**EXERCISE DETAILS**
The answer should consist of the full listing below, repeated exactly and free of pictures.

**SUPPLIED INFORMATION**
-.-.-
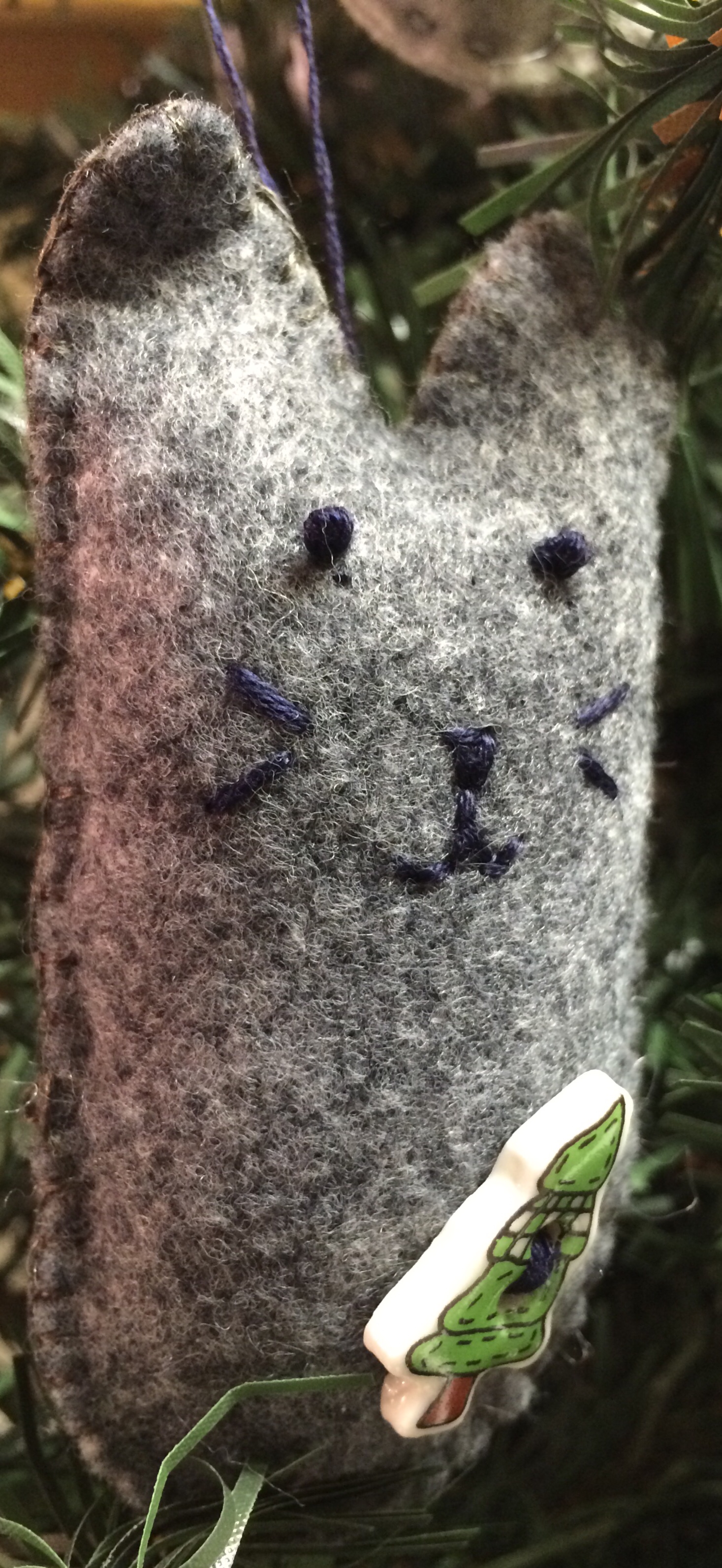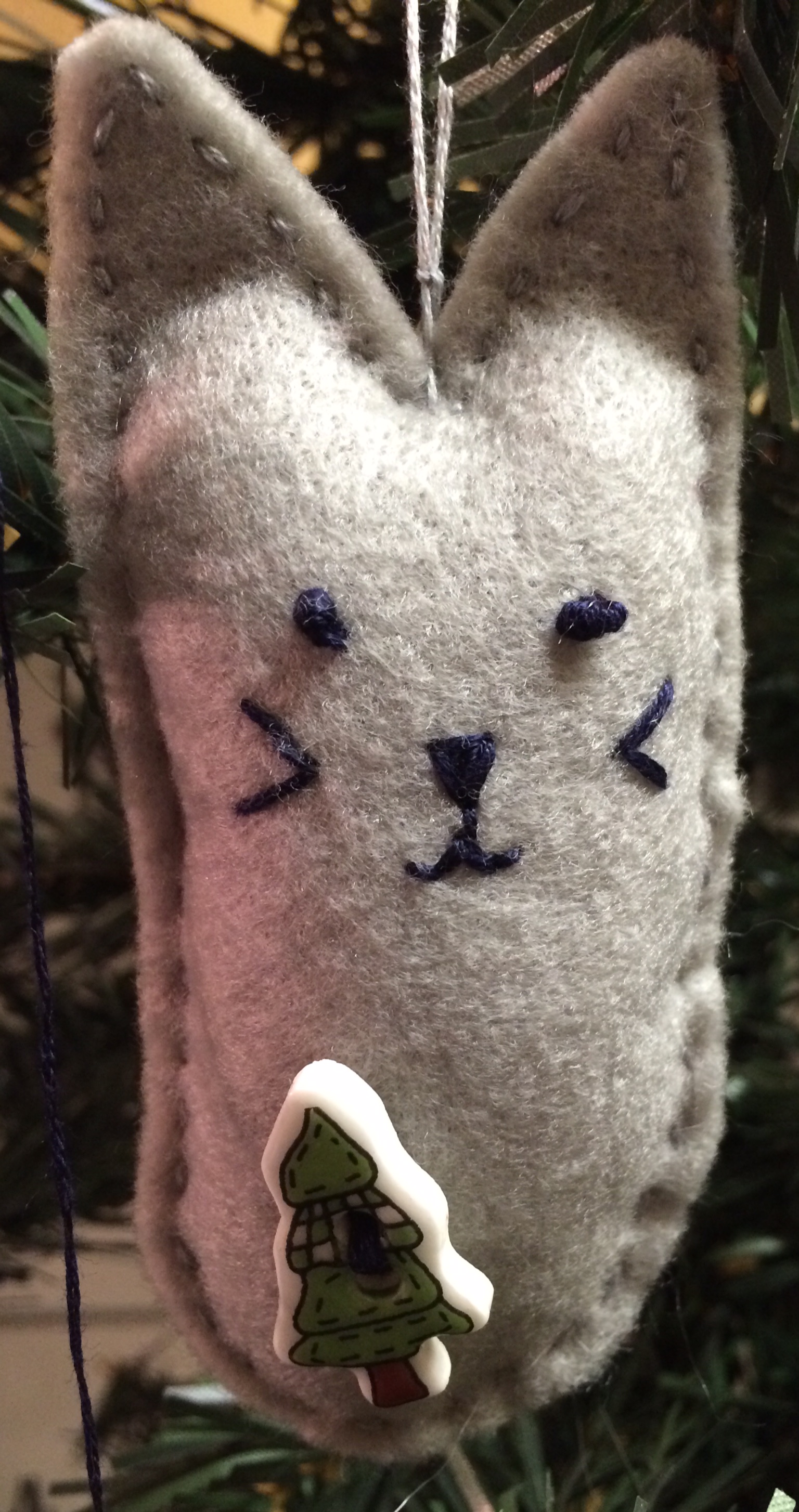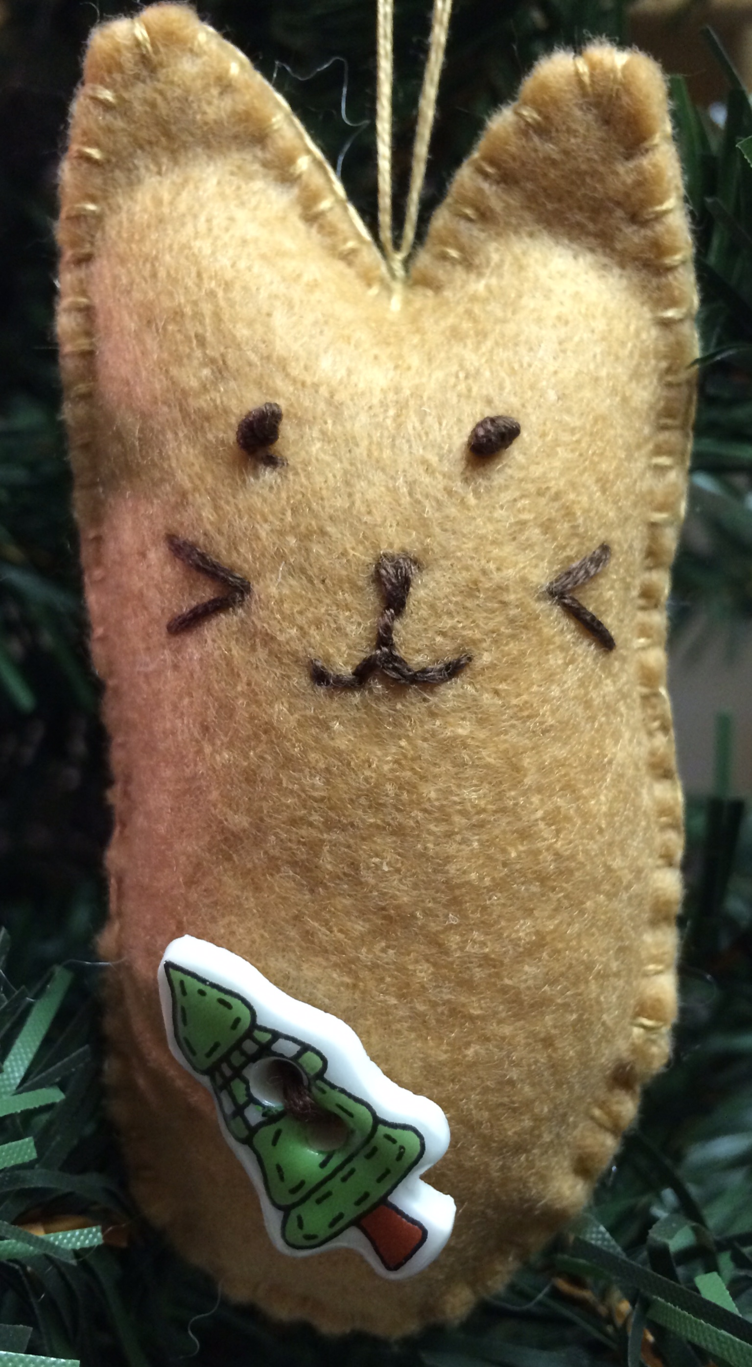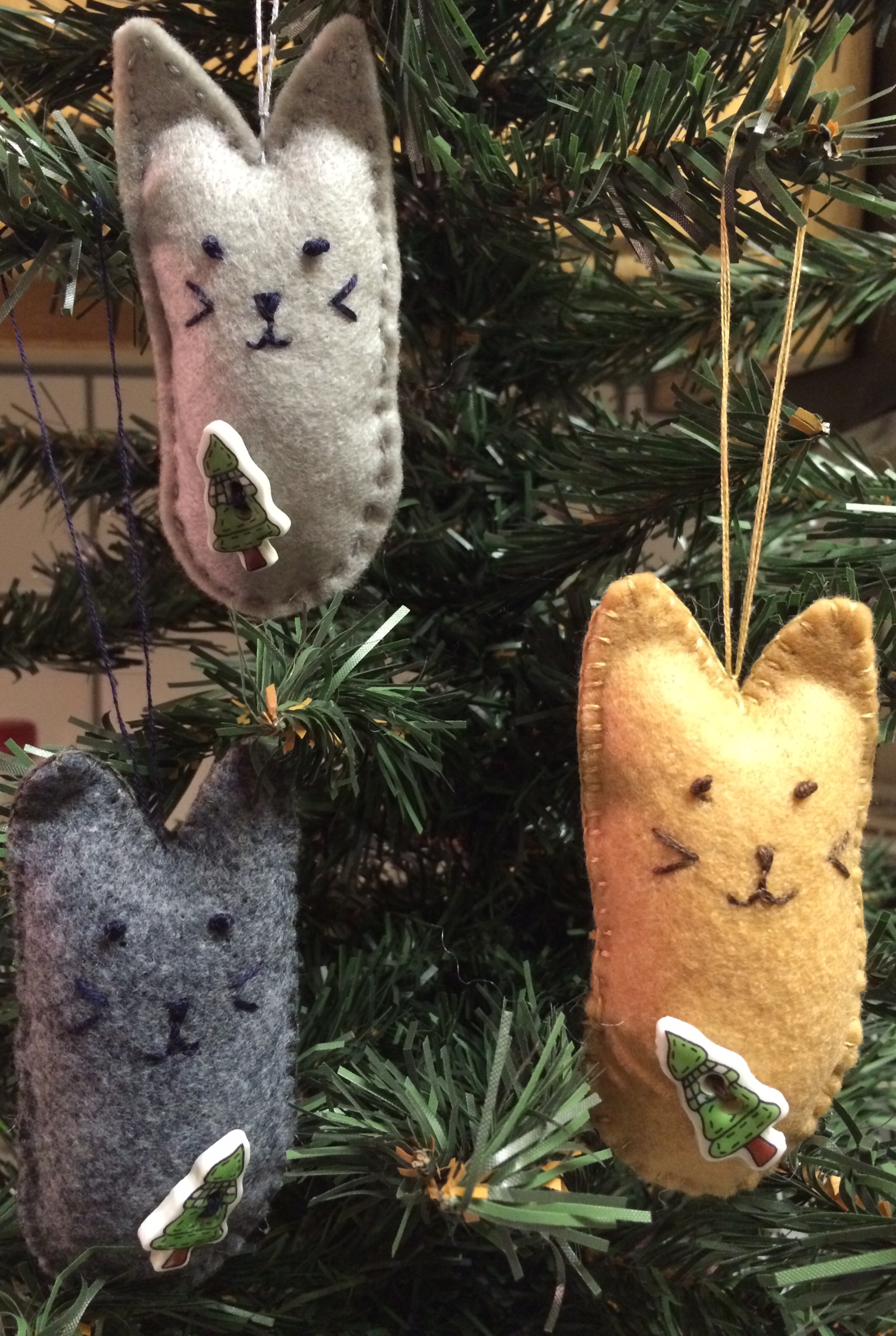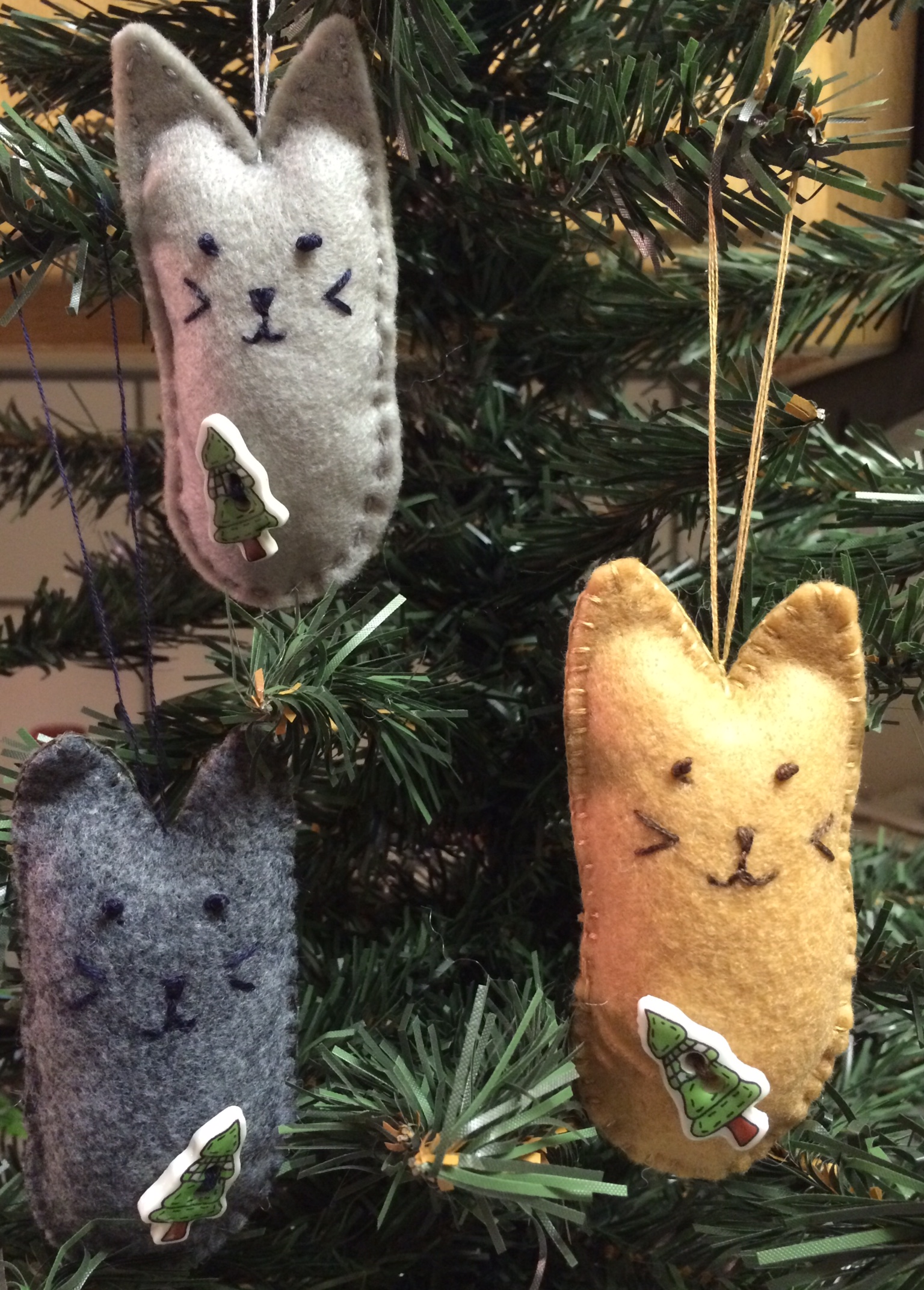016a865a9e4d09aaf92809a021e1e3f577fa7e75eaI used light gray, dark gray and light tan felt and embroidery floss with a little bit of polyester fiberfill for stuffing.  I found these Christmas tree buttons that I’ve had for decades and I thought they looked good on these guys.  I used a running stitch on the light gray guy and a blanket stitch on the dark gray and the light tan kitties.
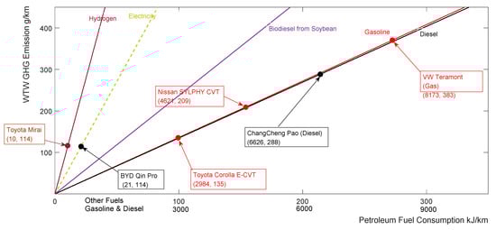 In Figure 2, there are two labels in the horizontal coordinate: the label with 3000/6000/9000 is used for gasoline and diesel fuel; the other labels (with 100/200/300 tricks) indicate hydrogen and electricity. The slope of these lines represents the dependency on petroleum fuel. A lower slope represents more dependency on petroleum fuel. The position of scatter points in the vertical coordinate represents the GHG emission performance. The higher they are towards an upright position, the worse the GHG emission performance. The Toyota Corolla shows the most energy efficiency among the three gasoline vehicles, as the Toyota Corolla occupies the lowest vertical position. Despite the WTW GHG emission of electricity being twice that of gasoline, the BYD Qin Pro has the best GHG emission performance, with 114 g/km. Since the overall onboard efficiency of BEV is much higher than that of the gasoline or diesel vehicle, most of the onboard energy of BEV can be used to drive the vehicle. Due to the poor efficiency of the ICE, only a tiny portion of one MJ of gasoline or diesel fuel can be used to drive the vehicle. Therefore, hydrogen fuel seems the most promising solution. First, the hydrogen fuel GHG performance is comparable with gasoline and diesel fuel, as shown in Table 1. Second, the fuel cell system’s onboard efficiency is high enough to fully utilize the potential of hydrogen fuel, such as in the even GHG emission performance of MIRAI and Qin Pro. Third, the hydrogen fuel’s consumption of petroleum fuel is lower than that of electricity. Figure 1 shows that the MIRAI petroleum fuel consumption is 10 kJ/km, while the BYD Qin Pro consumes 21 kJ/km. This lower consumption of petroleum fuel further relieves the petroleum fuel import.
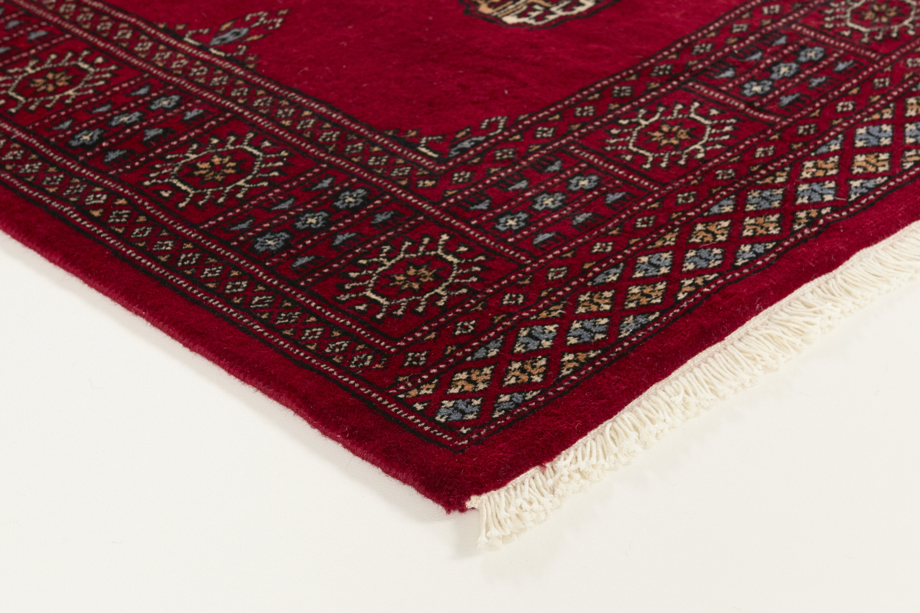 The 3-Ply rugs are produced in Lahore, Pakistan’s second largest city, which is also is the centre of the country’s hand knotted rug production. The rugs most often have the Tekke and Bokara patterns, which were originally inspired by patterns from Turkmenistan. The people of the Tekke Tribe, which was the largest nomadic tribe in Turkmenistan, were known as very industrious rug producers. The term Ply indicates the number of threads wound together to produce the yarn itself; 3-Ply thus guarantees that the yarn consists of three threads wound together. 3-Ply rugs appear thicker and softer than 2-Ply, as more wool is used to produce the rug. The quality of wool is particularly soft and shining, and the warm-coloured patterns are simple and harmonious.
-.-.-
**WRITTEN ANSWER**
016a865a9e4d09aaf92809a021e1e3f577fa7e75eaI used light gray, dark gray and light tan felt and embroidery floss with a little bit of polyester fiberfill for stuffing.  I found these Christmas tree buttons that I’ve had for decades and I thought they looked good on these guys.  I used a running stitch on the light gray guy and a blanket stitch on the dark gray and the light tan kitties.
 In Figure 2, there are two labels in the horizontal coordinate: the label with 3000/6000/9000 is used for gasoline and diesel fuel; the other labels (with 100/200/300 tricks) indicate hydrogen and electricity. The slope of these lines represents the dependency on petroleum fuel. A lower slope represents more dependency on petroleum fuel. The position of scatter points in the vertical coordinate represents the GHG emission performance. The higher they are towards an upright position, the worse the GHG emission performance. The Toyota Corolla shows the most energy efficiency among the three gasoline vehicles, as the Toyota Corolla occupies the lowest vertical position. Despite the WTW GHG emission of electricity being twice that of gasoline, the BYD Qin Pro has the best GHG emission performance, with 114 g/km. Since the overall onboard efficiency of BEV is much higher than that of the gasoline or diesel vehicle, most of the onboard energy of BEV can be used to drive the vehicle. Due to the poor efficiency of the ICE, only a tiny portion of one MJ of gasoline or diesel fuel can be used to drive the vehicle. Therefore, hydrogen fuel seems the most promising solution. First, the hydrogen fuel GHG performance is comparable with gasoline and diesel fuel, as shown in Table 1. Second, the fuel cell system’s onboard efficiency is high enough to fully utilize the potential of hydrogen fuel, such as in the even GHG emission performance of MIRAI and Qin Pro. Third, the hydrogen fuel’s consumption of petroleum fuel is lower than that of electricity. Figure 1 shows that the MIRAI petroleum fuel consumption is 10 kJ/km, while the BYD Qin Pro consumes 21 kJ/km. This lower consumption of petroleum fuel further relieves the petroleum fuel import.
 The 3-Ply rugs are produced in Lahore, Pakistan’s second largest city, which is also is the centre of the country’s hand knotted rug production. The rugs most often have the Tekke and Bokara patterns, which were originally inspired by patterns from Turkmenistan. The people of the Tekke Tribe, which was the largest nomadic tribe in Turkmenistan, were known as very industrious rug producers. The term Ply indicates the number of threads wound together to produce the yarn itself; 3-Ply thus guarantees that the yarn consists of three threads wound together. 3-Ply rugs appear thicker and softer than 2-Ply, as more wool is used to produce the rug. The quality of wool is particularly soft and shining, and the warm-coloured patterns are simple and harmonious.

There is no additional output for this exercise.